What is Tyrosine Kinase?

Tyrosine kinase is an enzyme that activates or deactivates other proteins in the cells of animals. It does this by transferring a phosphate molecule to tyrosine, a specific amino acid on the target protein, which either activates or deactivates the target's biological function. This process controls many aspects of metabolism and normal cell division. There are many types of tyrosine kinase, many of which require outside signals before they become chemically active. In some forms of cancer, tumor growth is enhanced by the uncontrolled activity of kinases.

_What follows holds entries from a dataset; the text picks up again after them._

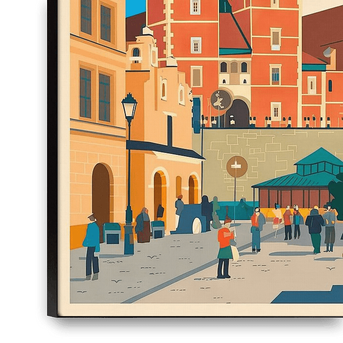The vibrant scenery of Krakow evokes the charm of times gone by. Majestic towers and colourful facades frame the vibrant atmosphere of a city square, alive with people living history. The bright blue sky radiates optimism and invites you to discover the secrets of this fascinating city.
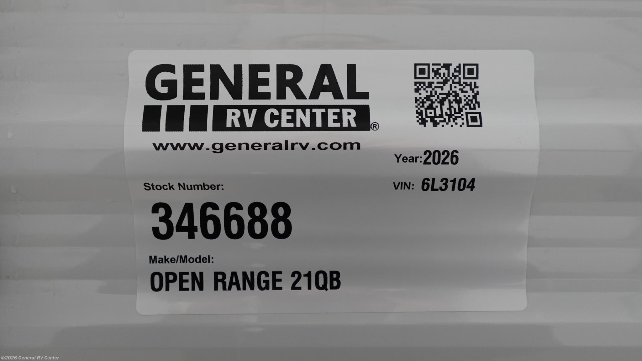 Request More Info on this 2026 Open Range 21QB Offered for sale by General RV Center
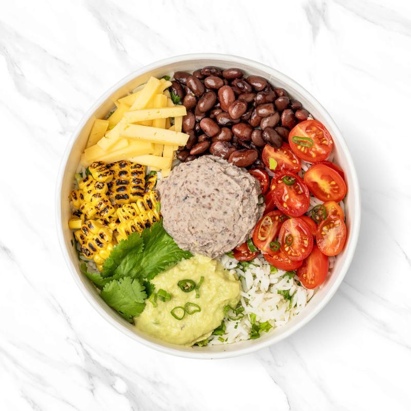 Brown rice with cilantro, cherry tomatoes, black beans, bean purée, avocado puré...
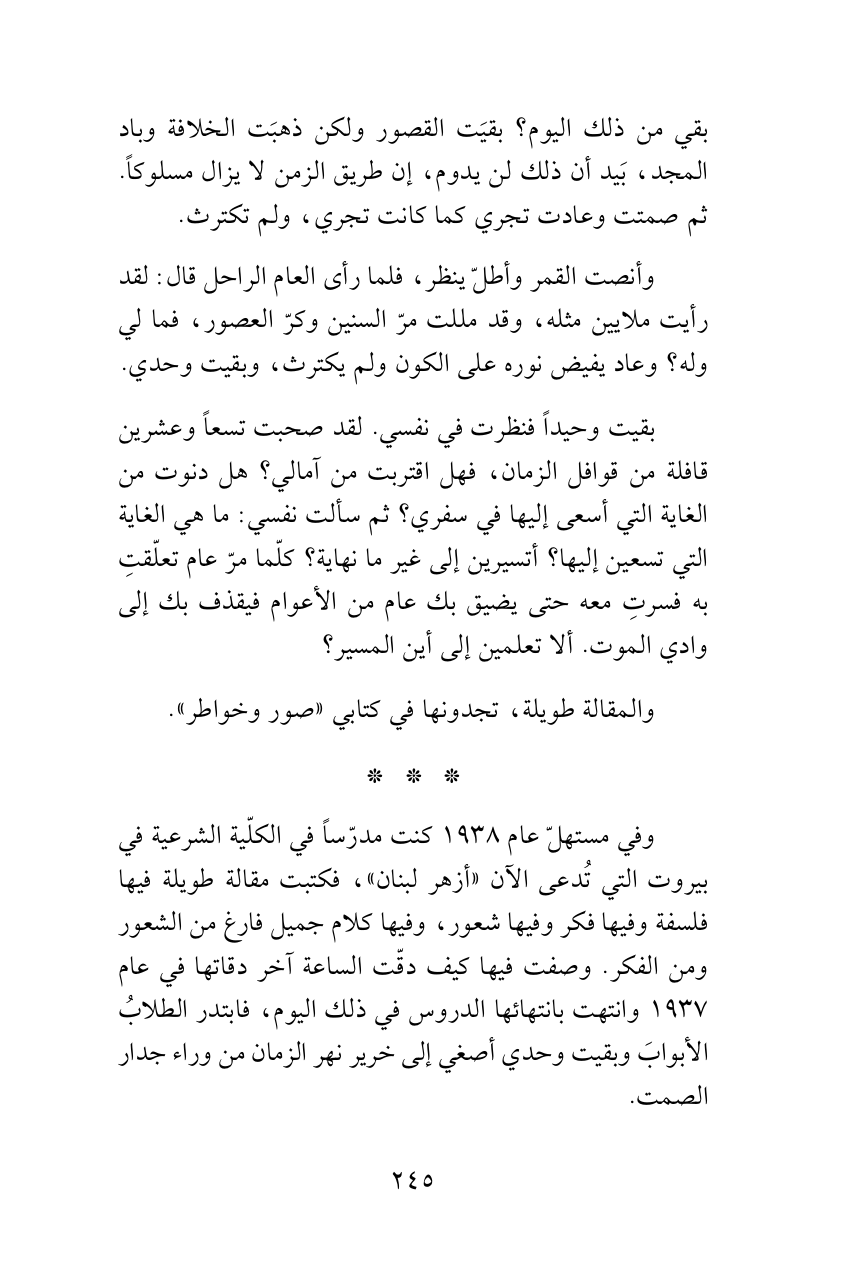 وفي مستهلّ عام 1938 كنت مدرّساً في الكلّية الشرعية في بيروت التي تُدعى الآن «أزهر لبنان»، فكتبت مقالة طويلة فيها فلسفة وفيها فكر وفيها شعور، وفيها كلام جميل فارغ من الشعور ومن الفكر. وصفت فيها كيف دقّت الساعة آخر دقاتها في عام 1937 وانتهت بانتهائها الدروس في ذلك اليوم، فابتدر الطلابُ الأبوابَ وبقيت وحدي أصغي إلى خرير نهر الزمان من وراء جدار الصمت.
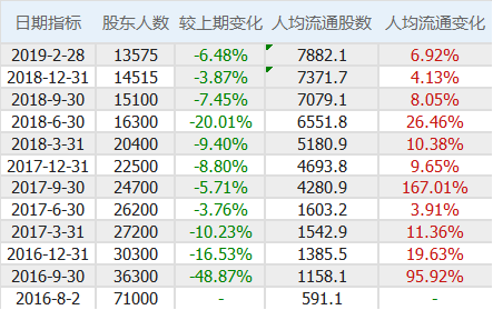 2016年上市之初股东户数7万,基本是人均500股的节奏,然后于2016年年末下降到3万户,之后每个季度只减不增,尤其2018Q2下降20%,随后Q3下降7.5%,Q4下降3.87%,截止2019年2月末再次下降6.47%,只剩下1.36万户,人均持股7882股(如下图),持股高度集中。

Phosphorylation is the addition of a phosphate group to a protein, typically an enzyme, causing structural changes. Tyrosine kinase is a subtype of protein kinase, an enzyme that phosphorylates an amino acid — or converts the amino acid to an organic phosphate. These catalysts are in turn activated or deactivated by the process, since their activities depend on changes to their chemical structures. Many of the normal and even diseased biochemical processes are controlled by phosphorylation. Tyrosine kinase transfers the phosphate group from the ubiquitous energy molecule ATP to a site on the amino acid tyrosine.

In many organisms, including humans and other mammals, tyrosine phosphorylation is essential to the processes of organ and tissue development, cellular movement, and cell proliferation. The genes that encode the many different tyrosine kinase enzymes are well-represented within the human genome since kinases effect changes in nearly a third of the proteins in the body. Tyrosine kinases regulate enzymes by altering the catalytic ability of the protein through phosphorylation. This changes the rate of a cellular biochemical reaction, such as metabolism, and can prevent it from occurring at all.

Like many biologically important molecules, some tyrosine kinases require activation by other proteins before they begin to phosphorylate an amino acid. This subgroup of enzymes are called receptor tyrosine kinases, compounds which will not catalyze the phosphate group transfer inside of a cell until after being bound by a specialized molecule called a ligand. At this point, a chain reaction begins at the moment of phosphorylation, triggering a cascade of chemical messengers to reach the cell's nucleus. There, they cause the genes within the nucleus to make more or or less of a desired protein product, which is usually another enzyme.

Malfunctioning receptor tyrosine kinases are linked to the development of some cancers. Mutation of the gene that encodes these proteins can make them over-active, constantly phosphorylating the tyrosine in a cell regardless of whether or not this is needed by the surrounding tissues. Normally, these kinases require a ligand to activate them, but the mutant forms function without any signals from other parts of the cell. In some research programs, a tyrosine kinase inhibitor has been used to prevent the growth of cancers, bolstering the evidence supporting a connection between uncontrolled tyrosine phosphorylation and malignant cell growth.